**Exercise directions**
Give only the number of lines in the data that contain the word "UMKM".

:: Data to process

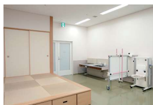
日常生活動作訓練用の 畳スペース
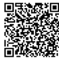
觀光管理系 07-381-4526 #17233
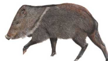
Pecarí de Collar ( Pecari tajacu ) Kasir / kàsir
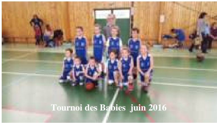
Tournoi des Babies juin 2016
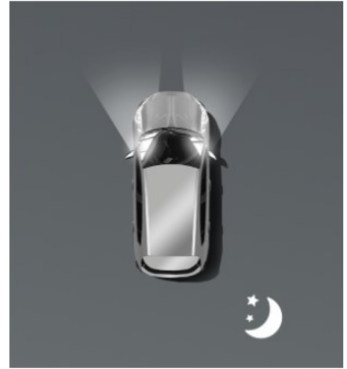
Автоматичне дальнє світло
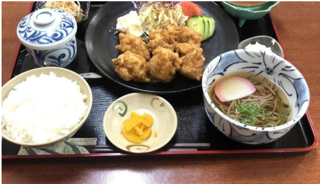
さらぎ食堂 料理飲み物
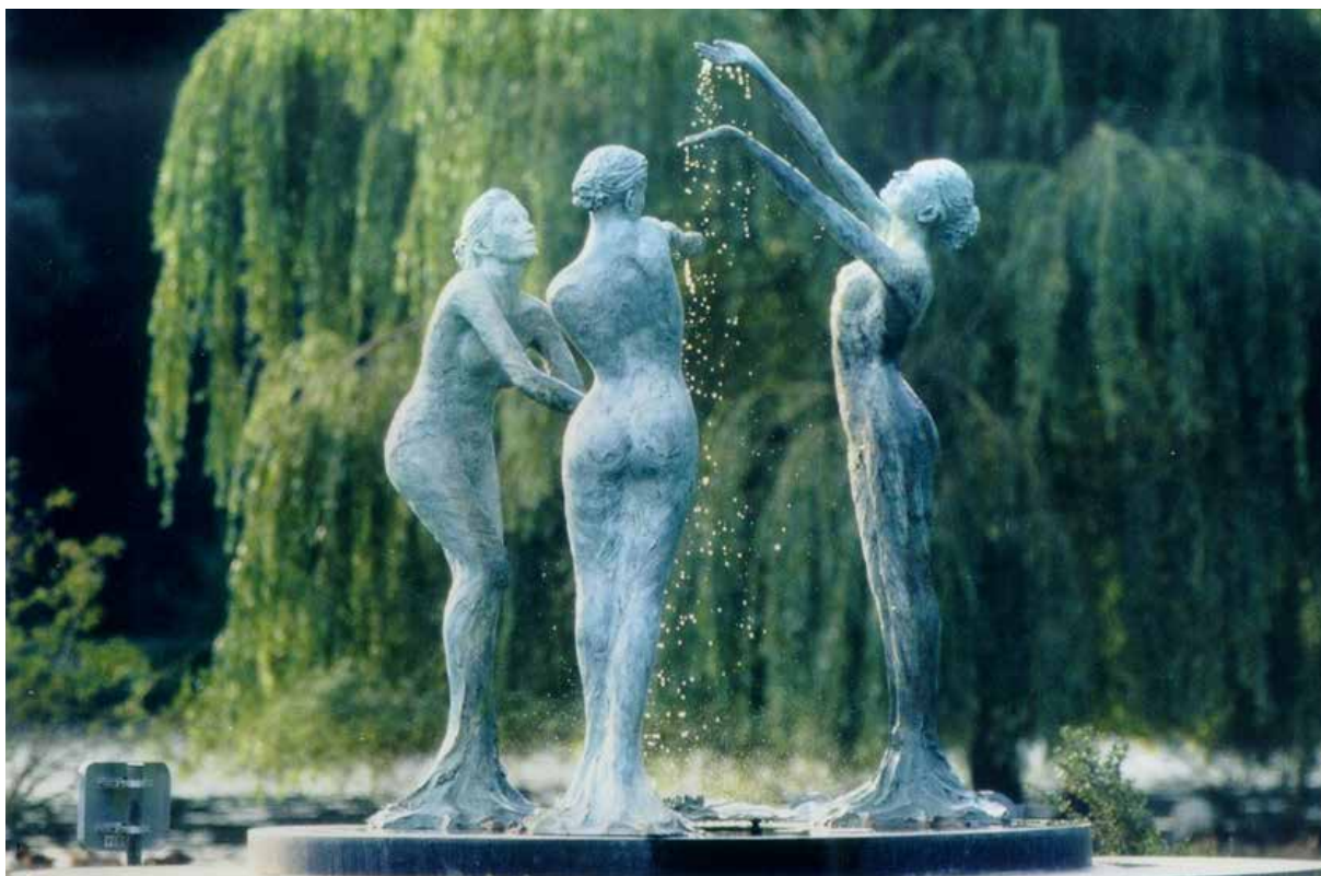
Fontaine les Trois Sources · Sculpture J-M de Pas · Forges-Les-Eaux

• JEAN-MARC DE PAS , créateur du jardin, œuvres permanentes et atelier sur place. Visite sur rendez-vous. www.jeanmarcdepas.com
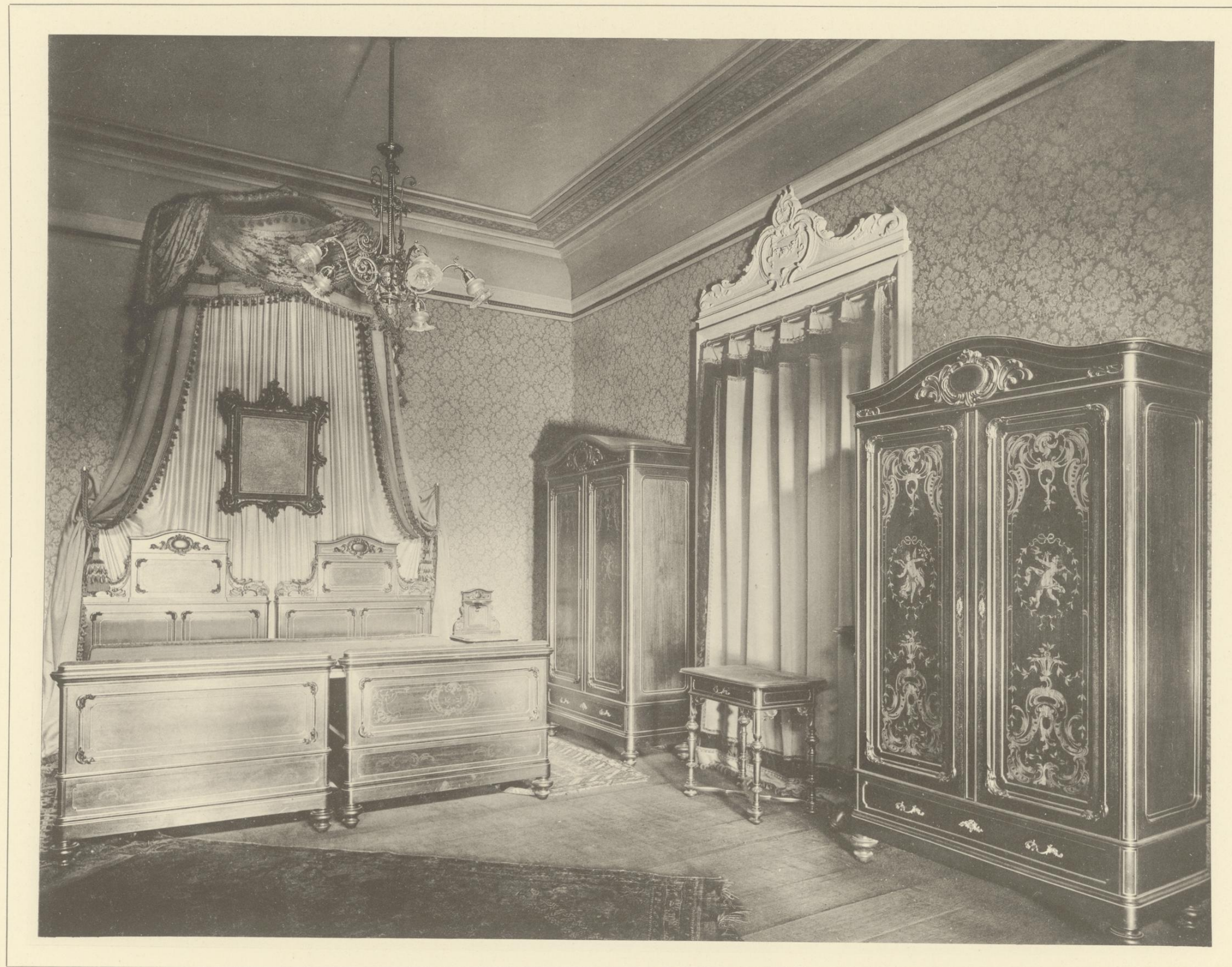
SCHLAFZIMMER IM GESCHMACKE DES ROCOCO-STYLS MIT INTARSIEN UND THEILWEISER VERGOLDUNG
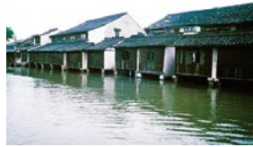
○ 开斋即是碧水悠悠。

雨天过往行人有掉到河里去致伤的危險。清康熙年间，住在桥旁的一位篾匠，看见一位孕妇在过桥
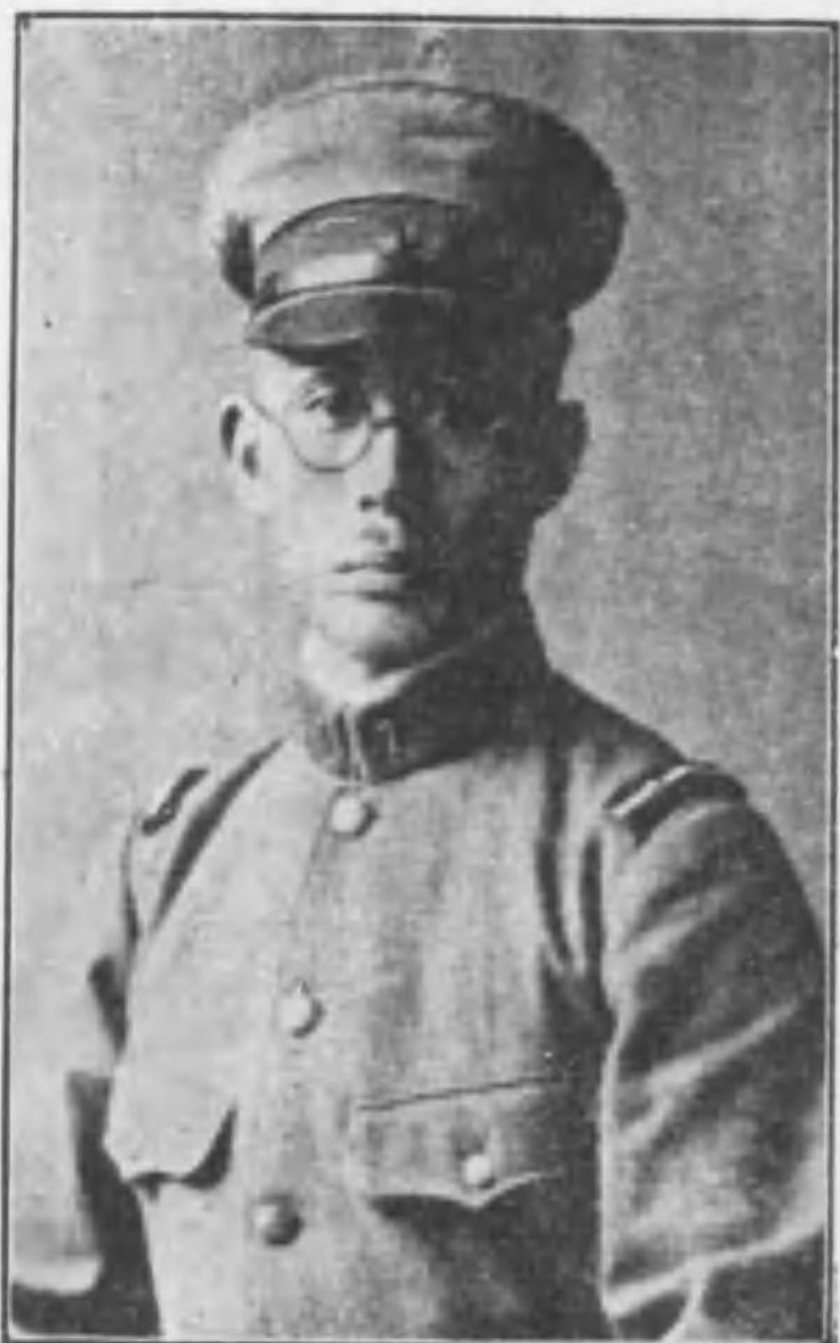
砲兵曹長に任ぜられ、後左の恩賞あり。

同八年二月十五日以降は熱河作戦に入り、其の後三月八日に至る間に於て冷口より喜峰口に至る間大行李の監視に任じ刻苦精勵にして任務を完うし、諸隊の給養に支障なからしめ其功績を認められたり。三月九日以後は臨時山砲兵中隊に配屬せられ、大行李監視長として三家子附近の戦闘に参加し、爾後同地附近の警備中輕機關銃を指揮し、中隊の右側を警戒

::::
:: Data to process

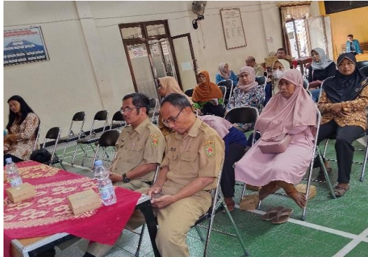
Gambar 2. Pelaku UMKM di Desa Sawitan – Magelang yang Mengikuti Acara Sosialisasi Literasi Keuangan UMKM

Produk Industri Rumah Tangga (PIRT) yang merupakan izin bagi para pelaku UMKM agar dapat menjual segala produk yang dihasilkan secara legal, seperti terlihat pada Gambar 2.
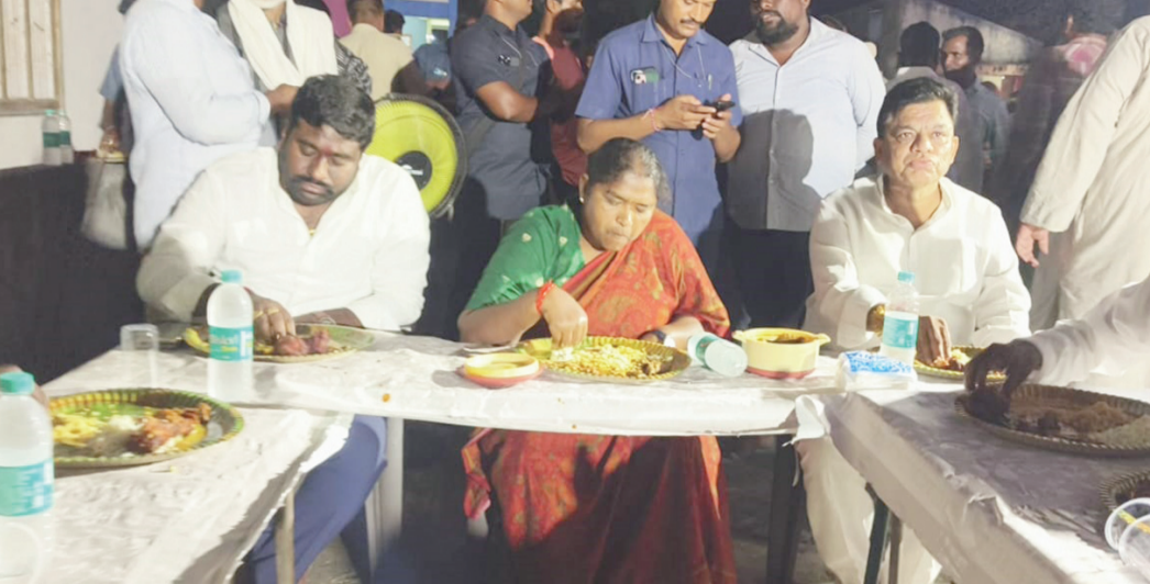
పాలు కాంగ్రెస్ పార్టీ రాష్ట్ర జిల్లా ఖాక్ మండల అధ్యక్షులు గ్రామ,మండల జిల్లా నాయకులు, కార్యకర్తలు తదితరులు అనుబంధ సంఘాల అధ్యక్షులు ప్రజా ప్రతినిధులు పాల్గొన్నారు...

::::

**Answer for the task**
2